Your goal → All of the data should be reproduced word for word, though its pictures must be omitted.

Input data →
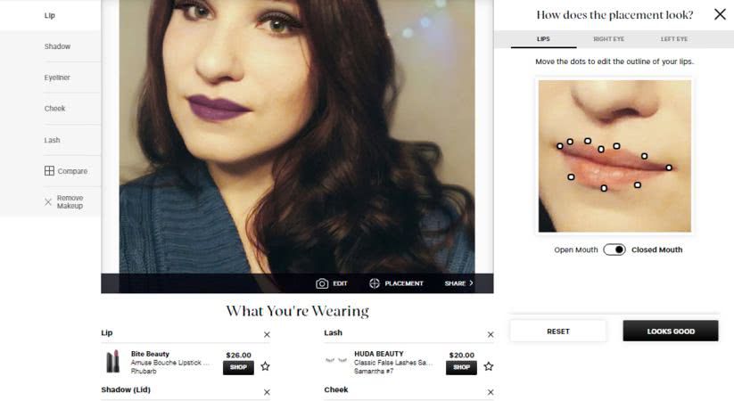 Инструмент определяет на фото овал лица, брови, глаза, губы и скулы, с помощью точек его можно поправить. И применяет соответствующий продукт на лице — закрашивает губы помадой выбранного цвета, приклеивает накладные ресницы.
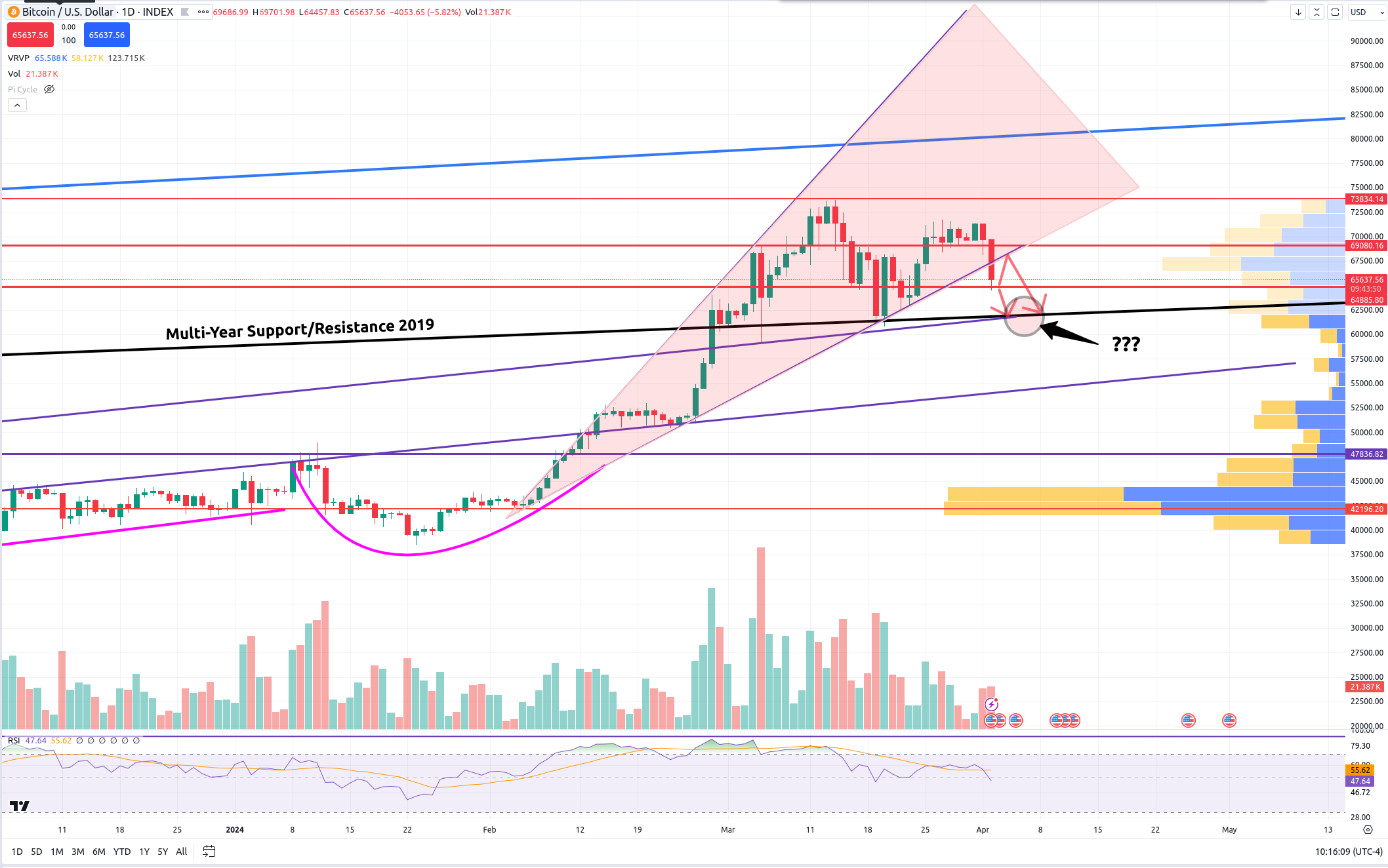 After this, I think we may retest our multi-year support (again) which now sits at around 62k. Then, the question becomes whether or not it holds. Since this is the third time we will have retested it after crossing above, I am honestly not as confident it will hold support. Remember, at each retest, the support gets weaker. That said, I may still enter a small long here with tight stops. Below this you can see support at around 54-55k (purple line). And below that? That 48k neckline which I have been discussing for months now. I would absolutely love to scoop up some BTC at that price!
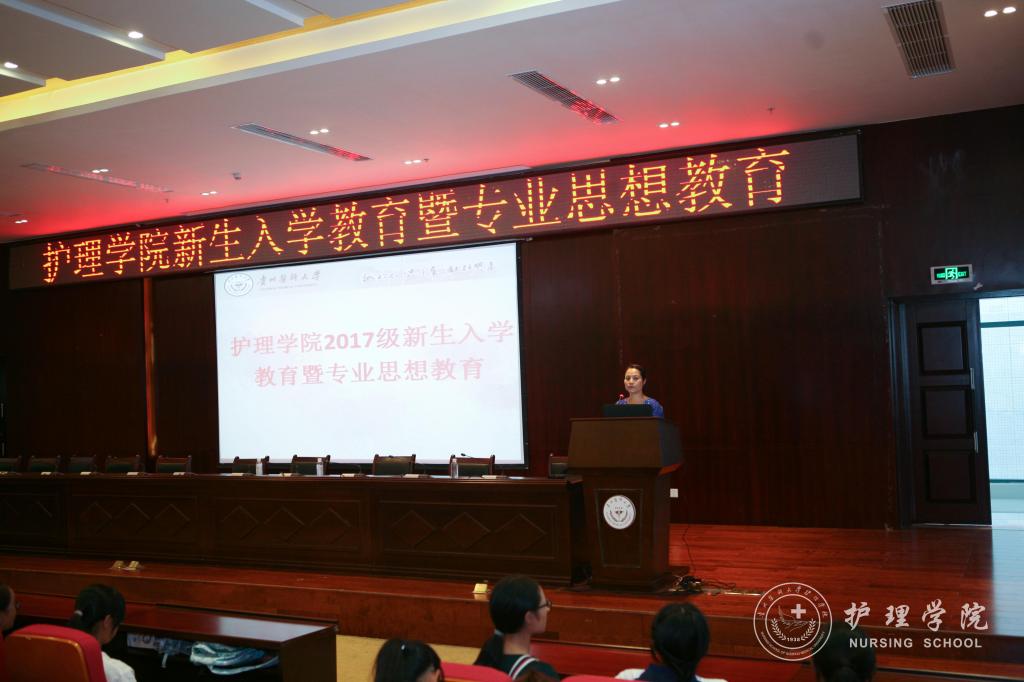 副经理刘志燕为2017级新生作了以专业思想教育为主题的讲座。刘志燕从护理学的内涵,护理学的专业培养目标、能力要求、知识要求等方面对新生进行专业思想教育,使新生对护理学专业有了基本的了解,对大学四年的专业学习有了初步的规划。
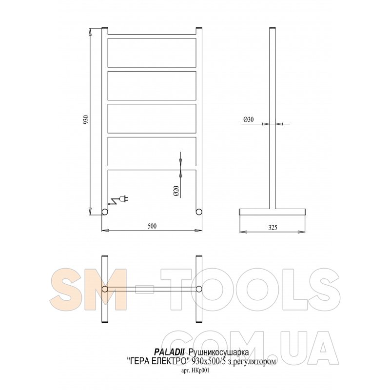 Рушникосушарка PALADii Гера Електро 930х500 / 5 НКр001
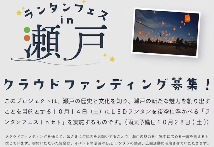 クラウドファンディングサイトはこちら⇒CAMPFIRE「ランタンフェスinセト」のページへ
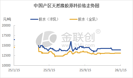 海南产区,伴随气温下降,全岛停割进程加速推进。进入本月海南产区割胶季收尾,中部和北部地区由于物候条件较差,干含较低,已不支持继续割胶。仅西南部地区零散割胶,全岛可收胶量极为稀少,听闻零星工厂尚未全面停工,胶水收购价格维持高位水平。截至1月15日,国有浓乳胶水原料收购价格参考13900元/吨,全乳胶胶水原料收购价格参考13100元/吨左右,胶水进民营厂价格鲜有听闻。
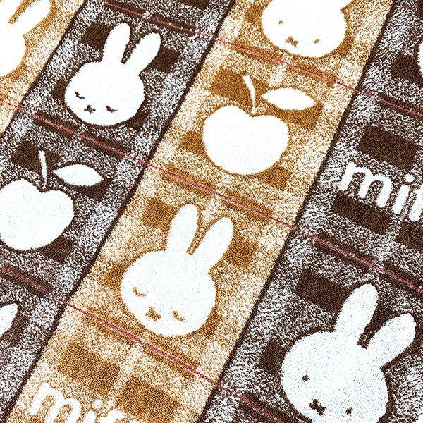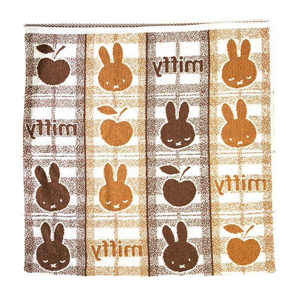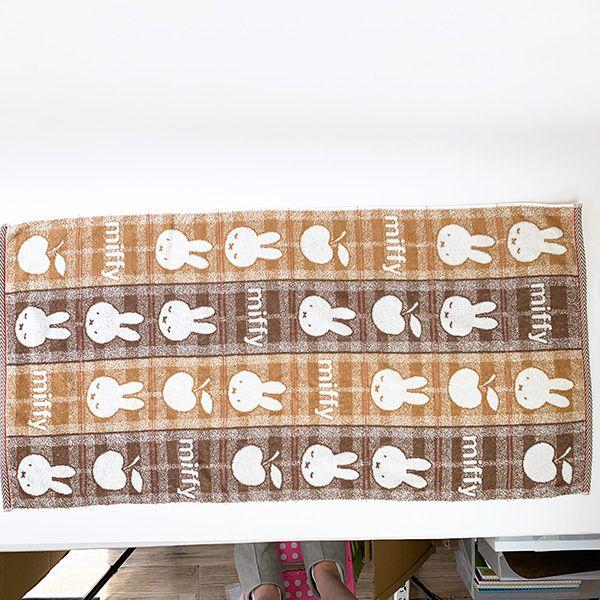 ミッフィーのお顔とチェック柄のデザインがかわいい♪ジャカード織の柔らかな肌ざわりのタオルです。
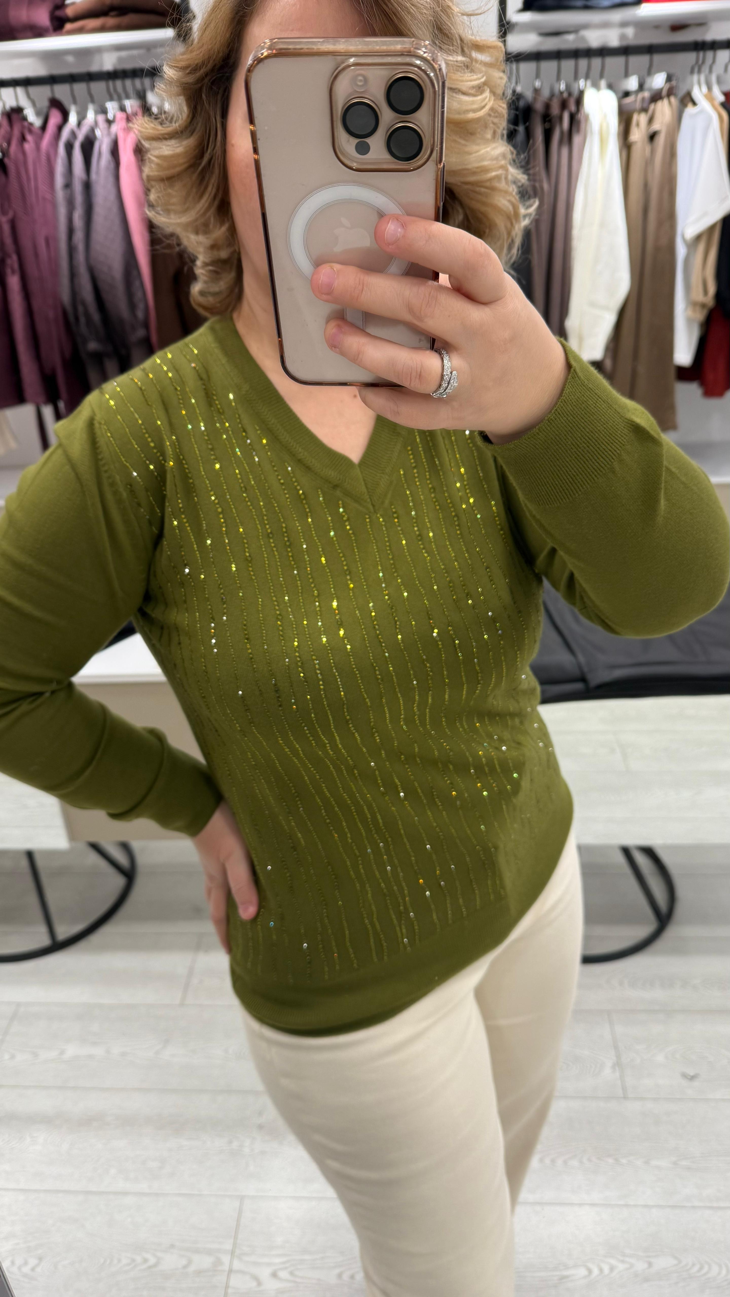 V Yaka Taş Detaylı Triko

Your response →
 Инструмент определяет на фото овал лица, брови, глаза, губы и скулы, с помощью точек его можно поправить. И применяет соответствующий продукт на лице — закрашивает губы помадой выбранного цвета, приклеивает накладные ресницы.
 After this, I think we may retest our multi-year support (again) which now sits at around 62k. Then, the question becomes whether or not it holds. Since this is the third time we will have retested it after crossing above, I am honestly not as confident it will hold support. Remember, at each retest, the support gets weaker. That said, I may still enter a small long here with tight stops. Below this you can see support at around 54-55k (purple line). And below that? That 48k neckline which I have been discussing for months now. I would absolutely love to scoop up some BTC at that price!
 副经理刘志燕为2017级新生作了以专业思想教育为主题的讲座。刘志燕从护理学的内涵,护理学的专业培养目标、能力要求、知识要求等方面对新生进行专业思想教育,使新生对护理学专业有了基本的了解,对大学四年的专业学习有了初步的规划。
 Рушникосушарка PALADii Гера Електро 930х500 / 5 НКр001
 クラウドファンディングサイトはこちら⇒CAMPFIRE「ランタンフェスinセト」のページへ
 海南产区,伴随气温下降,全岛停割进程加速推进。进入本月海南产区割胶季收尾,中部和北部地区由于物候条件较差,干含较低,已不支持继续割胶。仅西南部地区零散割胶,全岛可收胶量极为稀少,听闻零星工厂尚未全面停工,胶水收购价格维持高位水平。截至1月15日,国有浓乳胶水原料收购价格参考13900元/吨,全乳胶胶水原料收购价格参考13100元/吨左右,胶水进民营厂价格鲜有听闻。
 ミッフィーのお顔とチェック柄のデザインがかわいい♪ジャカード織の柔らかな肌ざわりのタオルです。
 V Yaka Taş Detaylı Triko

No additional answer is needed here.